Chrysler Suicide Watch 26: Connect the Dots
Kids love to play connect the dots. When the dots are numbered sequentially (with a few outlining details thrown in to keep 'em focused), it's easy to do. When the numbers are missing, it's hard to see anything more than random points on a page. And so it is with Chrysler, an American automaker that's generated enough bloggable news during the last six months to keep Google News-alerted surfers away from their designated job for hours at a time. Even though only Chrysler's new owners know their real game plan, there's been enough new "dots" to form a recognizable pattern. What it reveals is a company on the cusp of a major revolution.
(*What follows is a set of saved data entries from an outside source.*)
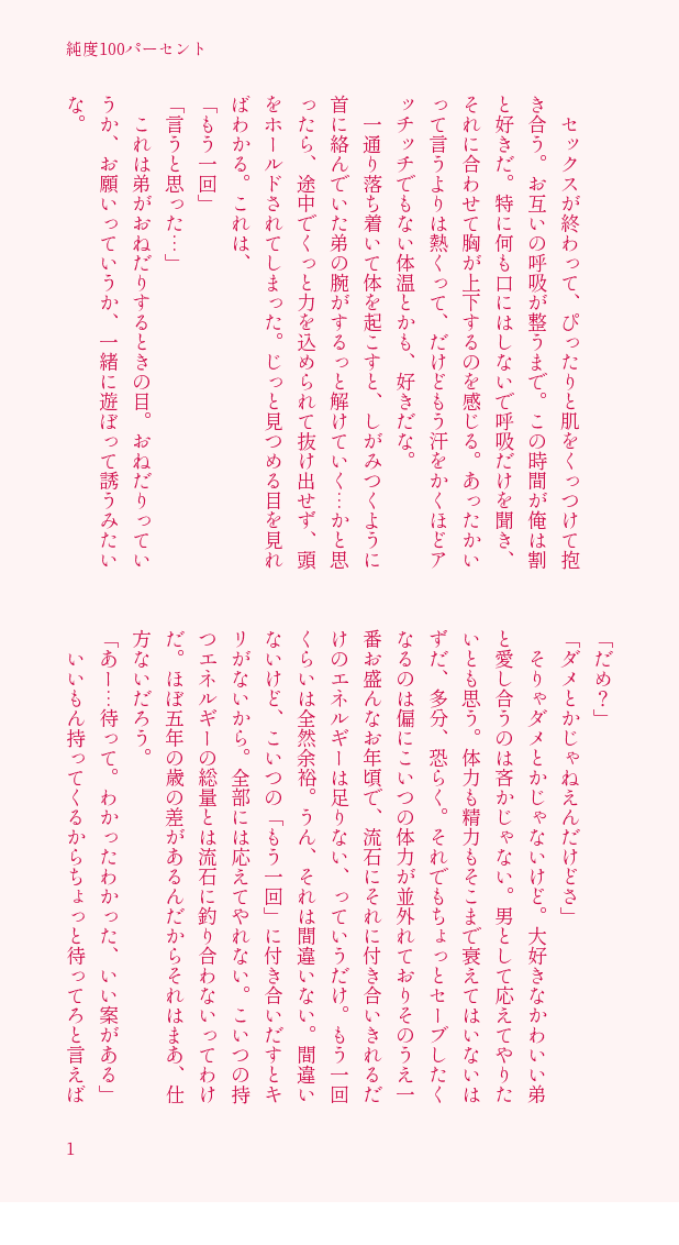 na87113399☆quiet followDOODLE玩具断固拒否の弟の話。なんにもしてないけどそういう話だし事後です。誕生日プレゼントたくさんありがとうございました記念?12.24追記 誤字を発見したので差し替えました!失礼致しました🙏 #燐一 only show all(+3 images) Tap to full screen (size:618x1132).Repost is prohibited Let's send reactions! freqpopularsnackothersPayment processing Replies from the creator Follow creator you care about!☆quiet follow na87113399PROGRESS故郷でなんか変な実を食べてしまい感度が高くなってしまう弟の話が書きたい 途中です一応パスつけたけど現段階ではまだしてないですpass→18↑?yes/no 1224 na87113399DOODLE自堕落な生活をしてるように見えて体力も筋肉も強さも全く衰えてない兄さんが好きだ(って弟も言ってました) 3 na87113399PROGRESS(略)お嫁さんになる話6話初夜編https://www.pixiv.net/novel/show.php?id=14072859↑プロローグから3話までは支部に、4、5話はポイピク内にあります 5447 na87113399DOODLE🔞燐一 2 na87113399MOURNING燐一した翌朝のお腹撫で(絶対どっかにアップしたと思うんだけどどこにも見当たらないのでぽい……)(どこに消えたんだ……?) 4 na87113399MOURNING(燐一)以前書いた両片想い故郷ifのつづきを発掘したので少し加筆修正しつつ供養です 5 related works YakuMOKiyoRDOODLEたぶんキス? na87113399DOODLE🔞再掲。ショタ化兄×弟の燐一 6 且🎲♠️DONE※ちくトレ?要素※天城村の捏造モブと父パス18↑?y/n 2 hoshi_c77PROGRESS燐一/12月の原稿進捗あとは調整とセリフとか 2 路遥知不知INFO「燐一」私人所有物 你们不吃饭吗DOODLE 4 har1osanDOODLE fox0207MOURNING燐一立ちバック、束縛注意 りつ。MOURNING胸糞悪い燐一小説です。結構前に書いて途中で辞めてます。燕の習性を調べていた時に、「親がいなくなった小鳥を勝手に自分の子にする」や「自分の子ではない小鳥を殺めることがある」というのを見た時に思いついた内容です。⚠️故郷に帰って、燐音くんが君主になった世界線です。燐音くんとモブ女の間に赤ちゃんいます。一彩の自我を強くして拗らせてます⚠️ 3543 recommended works owo39857620DONE最冷一天 hoshi_c77PROGRESS構図を考え中の燐一/見開きのつもり右ページ→風呂上がり燐音&寝てる(フリ)弟くんをちょっと描くと分かりやすいですかね。わからんかわいい弟には恋をさせよ DR2023の原稿※気まぐれで載せたり消したりします meuonce_daxijiDOODLE wnbyddbDONE两个版本 2 hoshi_c77PROGRESSFGOパロな燐一の進捗絵の中に簡単な説明を入れるか考え中 tozo32DONE今日は僕が頑張るよ!と意気込んだものの入れただけで動けなくなっちゃった妹※どっちも仕事のタイミングで剃ってる あめもDONE11/23で描いたものの続き(?)ちゅーしてるところ描きたかった 2 まどか@まろやか庵DONE鴉episodes ZEROKuzuha&Lauren&Sebastian鴉過去編映画化して下さい stone👑😎DOODLE*利奥利3p lu(♂)→hyu←lu(♀)*胸部露出,ok绷 2
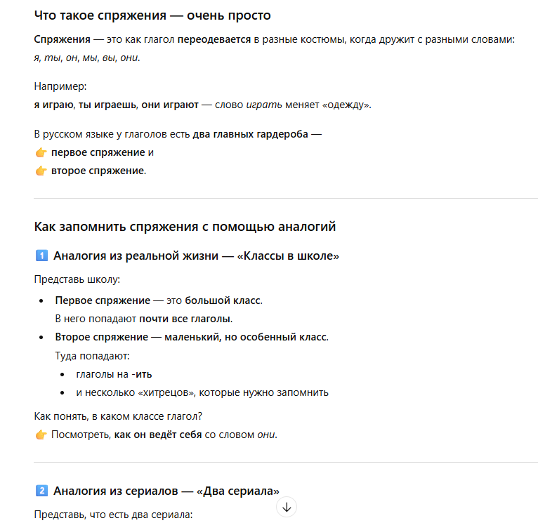 Однако его можно использовать для создания плана работы, а также выбора направления. ИИ отлично структурирует материал — это именно тот навык, которого так не хватает детям.
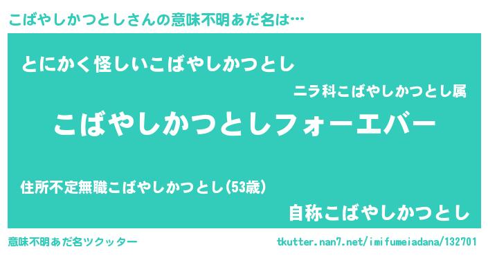 | ファンタジー風あだ名 | 『エターナルコバヤシカツトシー』 |
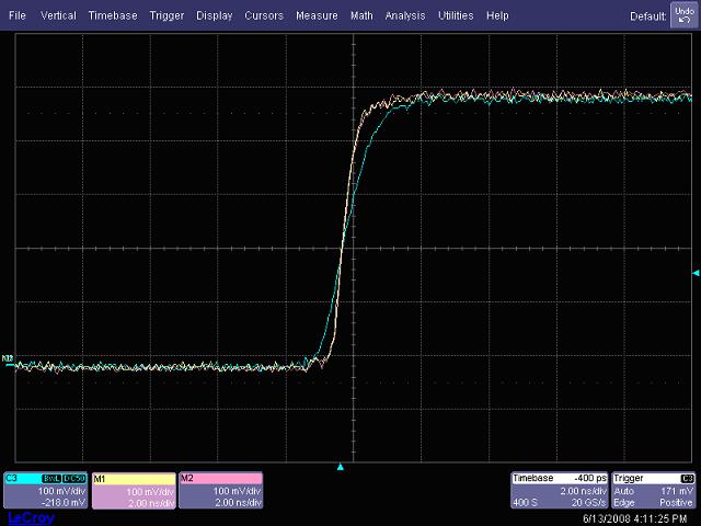 基于上面的原则,我们就很好理解为什么有些客户会用6GHz的示波器测试100MHz的时钟,但又用6GHz的示波器测试3.125Gbps的XAUI信号。 请大家忘记所谓的3-5倍这个关系,太不严谨的表达了!

The first dot: DaimlerChrysler
dumping selling Chrysler. Several companies showed interest in buying Chrysler early on, but most industry analysts expected Canada's Magna Corporation to be a shoo-in. Magna had the balls; Chairman and founder Frank Stronach is the personification of unbridled ambition. Magna had Chrysler-specific auto building experience; they held the contract to assemble Chryslers and Jeeps in Europe and run the paint shop at the Jeep Wrangler plant in Toledo, Ohio. And Magna had the money.
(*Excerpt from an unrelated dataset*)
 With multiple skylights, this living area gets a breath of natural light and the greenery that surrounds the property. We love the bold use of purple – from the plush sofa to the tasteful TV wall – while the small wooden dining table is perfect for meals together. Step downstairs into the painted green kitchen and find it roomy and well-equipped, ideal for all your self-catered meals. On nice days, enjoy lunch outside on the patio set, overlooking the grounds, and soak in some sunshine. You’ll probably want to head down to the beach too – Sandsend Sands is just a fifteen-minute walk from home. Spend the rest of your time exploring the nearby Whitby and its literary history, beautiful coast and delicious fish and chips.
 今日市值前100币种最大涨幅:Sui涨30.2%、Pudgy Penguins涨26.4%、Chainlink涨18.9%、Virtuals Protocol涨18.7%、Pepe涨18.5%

But before the Chrysler deal went down, the automaker announced it was moving production of Euro-spec Chryslers from the Magna-Steyr plant in Austria to Chrysler's plant in Brampton, Ontario. Magna wasn't happy. The Canadian Autoworkers Union (CAW) loved it. Dot two.
Third dot: the private equity firm Cerberus came from nowhere to grab the golden ring. It was the union's turn to be displeased. United Auto Workers (UAW) president Ron Gettelfinger and CAW president Buzz Hargrove both suspected that Cerberus was about to "strip and flip" their meal ticket. They saw storm clouds gathering over Auburn Hills.
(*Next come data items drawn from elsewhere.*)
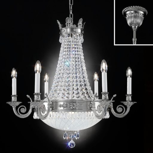 Az Empire Crystal kristály csillár, ezüst, 80 cm, 6xE14 megbízható és esztétikus választás otthoni vagy irodai használatra. Stílusát tekintve klasszikus-kristály, ezüst árnyalatban, sárgaréz anyagból készült. E14 foglalattal kompatibilis, így cserélhető fényforrással használható. A(z) Empire Crystal lámpacsalád tagja, így más kiegészítőkkel jól kombinálható.
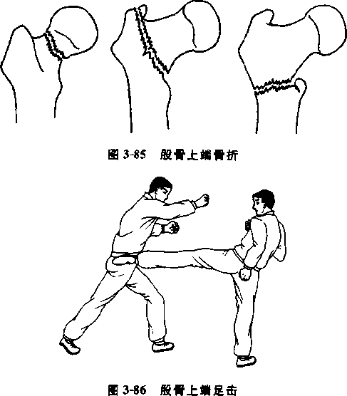 较坚实但由于它具有比较长的打击跨度所以常被选作打击部位。一个训练有素的格斗手其足击力量可以达到500?600,重创之下可致股骨干骨折。根据打击部位不同可分为股骨干上13骨折、中13骨折和下13骨折(图3-87)0其中股骨干下13骨折骨折断端在暴力作用下后移,可损伤与之密切毗邻的股动脉伴发出血。
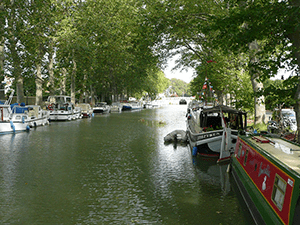A good place to moor for a day or two, nice village, excellent wine co-operative. Most moorings are bank-side but there is a public quayside with water (south bank just below the écluse – ‘jeton’ tokens from the tourist office adjacent) and also other moorings by the restaurant, north bank by the écluse. The best place is outside the friendly and very well run camp-site ‘les Berges du Canal‘ (small restaurant, bar, showers, etc), which has electricity as well as water available. Phoning ahead to reserve a mooring is advised.
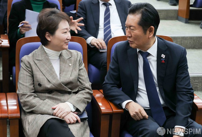 [서울=뉴스핌] 윤창빈 기자 = 정청래 더불어민주당 대표, 이언주 의원이 2일 서울 여의도 국회에서 열린 의원총회에서 대화를 하고 있다. 2025.12.02 pangbin@newspim.com
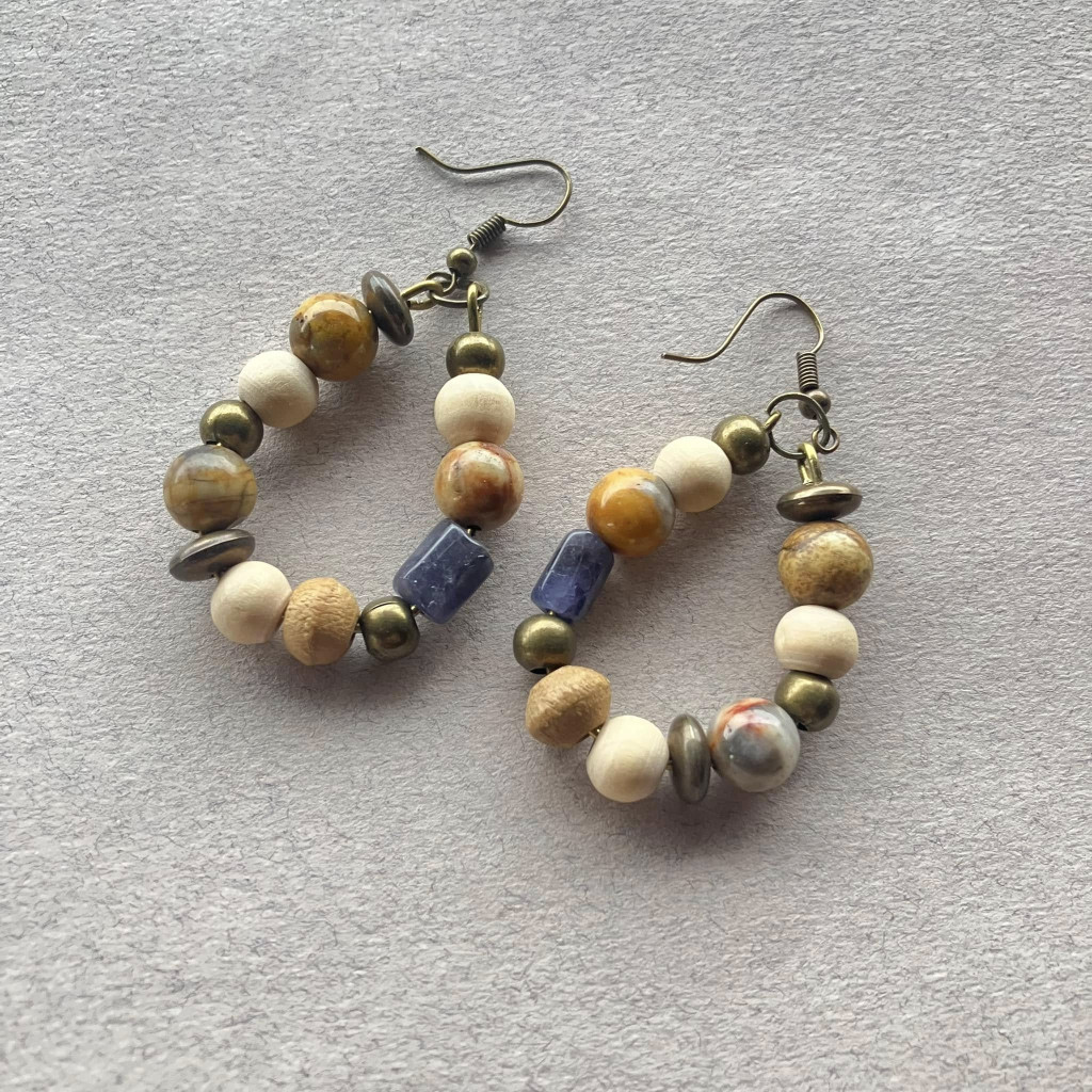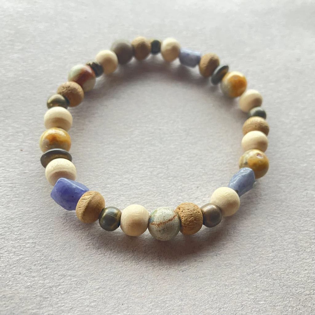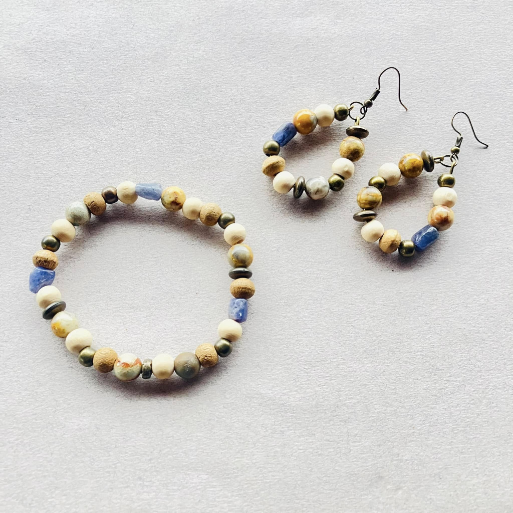 A szett tartalma még egy fülbevaló (3 cm hosszú) nyers kék kalcit, térkép jáspis és szantálfa gyöngyökből.
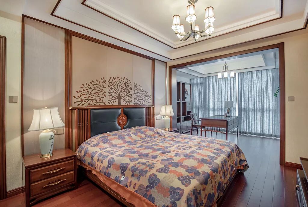 卧房,米色的墙面通过乌金木的黄色过度与米色的墙面搭配,营造出东方精致细腻的宁静氛围。

And yet, after just one meeting with the three-headed dog's masters, both union leaders did a complete 180. Gettelfinger said the sale of Chrysler to the private equity fund was in the "best interests of our members." Hargrove, who had said he was "pissed off" over the sale, suddenly decided "Chrysler is better off under Cerberus ownership than they would be under Daimler." Dot four.
Fifth dot: after taking over Chrysler, Cerberus revamped the company's upper management. Union-friendly CEO Tom Lasorda suddenly found himself shuffled aside to a vice president's position. Former Home Depot CEO Robert Nardelli took over as Chrysler CEO. Toyota's Jim Press moved in as co-vice president, to run sales and marketing. Both came from companies known for their decidedly anti-union stance, yet the UAW and CAW were both uncharacteristically quiet about their selection.
Then came dot six: negotiating a new UAW contract. In return for ponying-up a bunch of billions for a health care VEBA superfund, the UAW's leadership agreed on a contract radically different from the GM deal. The Chrysler agreement doesn't include job guarantees or commitments not to close or sell plants. If the UAW's members ratify this agreement, it leaves Cerberus free and clear to shut down whatever plants they choose, whenever they choose. OR… sell those plants to someone else.
Last month, Magna surprised everyone. The fiercely anti-union company suddenly opened its plants to the CAW, inviting them to organize their employees. Owner Frank Stronach said the company "would embrace the union" under the "framework of fairness." He claimed an epiphany: Magna and unions need to work together to save North American auto industry jobs and create new employment. Dot seven.
Dot eight: Chrysler has announced it's [finally] ready to trim models across all three brands. The executions could mean a Chrysler plant now building several variations of one model for three divisions would build one model for one division. Although the divisions might share some components (e.g. engines or transmissions), the new regime will tie a specific production facility to a specific brand.
Connect the dots. As we predicted when Cerberus assumed control of Chrysler, the money men are getting ready to sell part or all of Chrysler to Magna, or, at the least, outsource production to them. This they can do because Chrysler’s unions have been well and truly appeased, paid off in billions and granted access to Magna’s expanding worldwide empire. This they will do because they’re a private equity firm that has always preferred right-now cash cows to long-term plays.
Magna is also on board because, well, it’s what Frank wanted then, it’s what Frank wants now and Frank’s got the cash to do the deal. Ah, but is this a picture of resurgent automaker? Nope. It’s an abstract image; one that allows both artist and onlookers to see what they want to see. One thing’s for sure: it's still very much a work in progress.